President of the Supreme Court of Cyprus
- Incumbent
- Assumed office 1 July 2023
- Preceded by: Antonis R. Liatsos

Justice of the Supreme Court of Cyprus
- Incumbent
- Assumed office 16 September 2013

Personal details
- Born: 1960 (age 65–66) Limassol, Cyprus
- Children: 2
- Alma mater: Gray's Inn

= Katerina Stamatiou =

Cypriot judge (born 1960)

Katerina Stamatiou (Κατερίνα Σταματίου; born 1960) is a Cypriot judge. She has been justice of the Supreme Court of Cyprus since 2013 and its president since 2023.

==Career==
Stamatiou was born in Limassol, Cyprus, in 1960. She graduated in law in London, United Kingdom, and was admitted to the bar at Gray's Inn.

She returned to Cyprus and worked at a law firm in Limassol, she was also a member of the Limassol Bar Association, until 1993 when she was appointed district judge. In 2000, Stamatiou became a senior district judge, and in 2004, she was promoted to district court president. She presided over the Assize Court of Paphos and Limassol and served as Administrative President of the Paphos and Limassol District Courts.

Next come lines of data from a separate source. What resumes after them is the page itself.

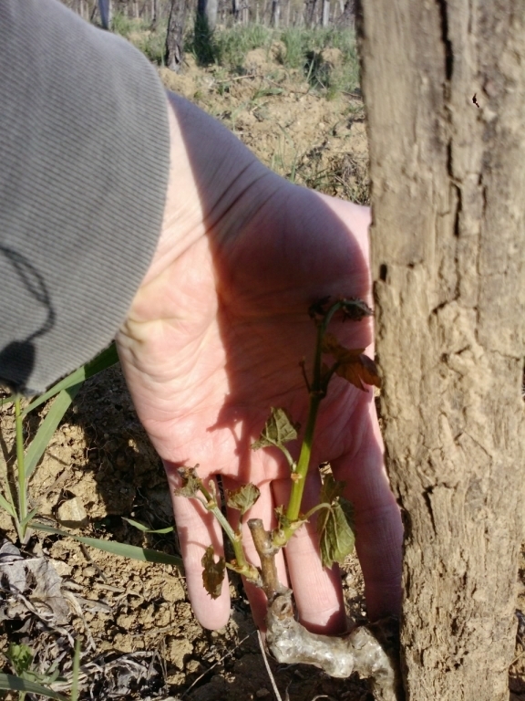 Određene štete su nastale na 600 trsova dvogodišnjeg cab franca i dijelom na zweigeltu (zanemarivo). Nadamo se da će se spavajući pupovi na cab francu sada aktivirati kako bi uzgojili barem prigojne reznike za nagodinu.
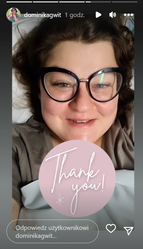 Dominika Gwit opublikowała też krótki filmik, na którym jest niezwykle wzruszona. Informuje, że poród przebiegł pomyślnie, a ona i maleństwo czują się dobrze. Podziękowała też swoim fanom za ogrom wsparcia, gratulacji i ciepłych słów, jakie dostawała od momentu, kiedy ogłosiła, że po wielu latach starań ona i jej mąż Wojciech Dunaszewski zostaną rodzicami.
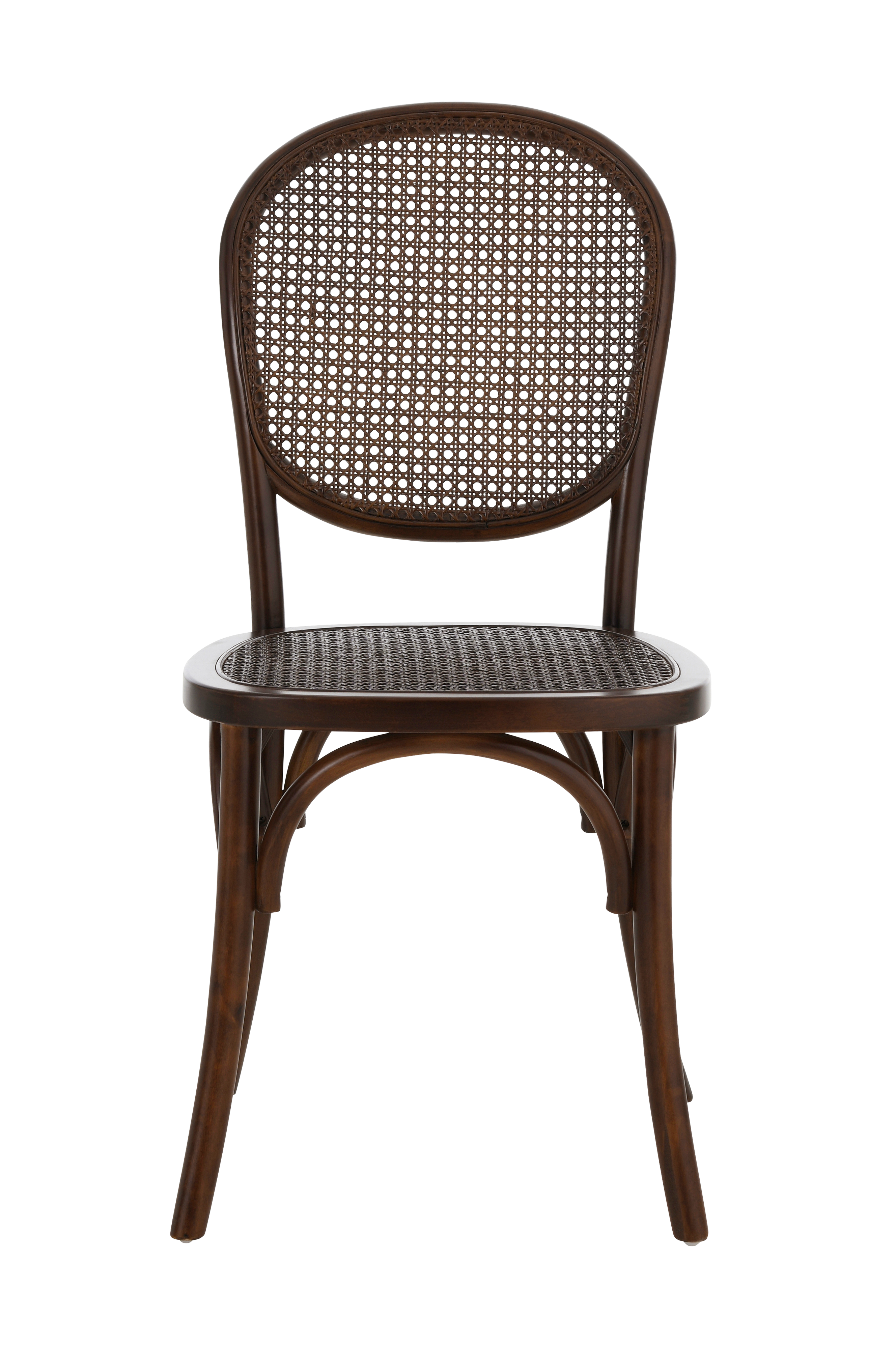 Två stolar av björk med rygg och förstärkt sits av rotting. Höjd 89 cm, bredd 44,5 cm, djup 56 cm. Sittdjup 42 cm, Sitthöjd 46,5 cm. Monterade. Vikt 10 kg.
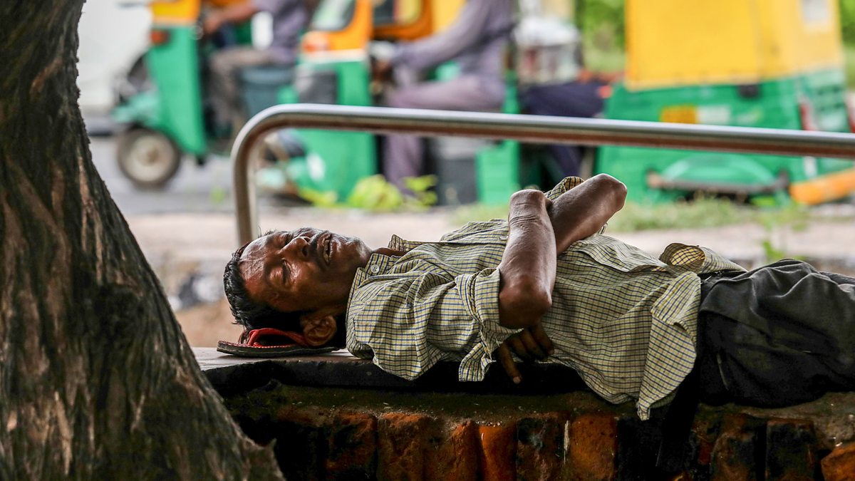 Photo: A worker in Delhi, India, takes rest during a sweltering summer's day Credit: Getty Images
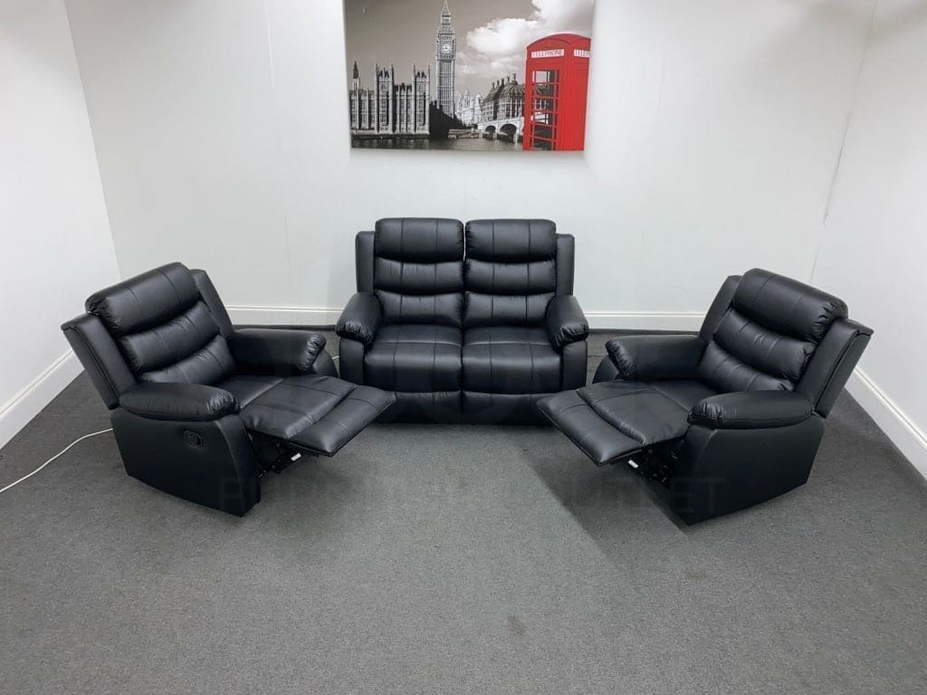 Lando Black Leather Reclining 2 Seater Sofa + 2 Armchairs Sofa & Armchair Set
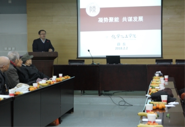 做了“凝势聚能,共谋发展”的报告。薛院长分别从学科发展定位、学科建设目标及基础、师资队伍建设和科研工作进展等几方面向退休教师汇报一飞冲天
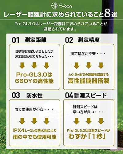 660ヤードまでの計測が可能で、誤差は0.55ヤードとなっています。

On 16 September 2013, Stamatiou was appointed justice of the Supreme Court of Cyprus. In December 2022, following the approval of the Supreme Court and Constitutional Court reform, President Nikos Anastasiadis appointed Stamatiou as president of the Supreme Court, and she began her term on 1 July 2023. She advocates for the modernization and improvement of the efficiency of the Cypriot judicial system and promotes the introduction of modern data processing for the judiciary.

==Personal life==
She is married and has two children.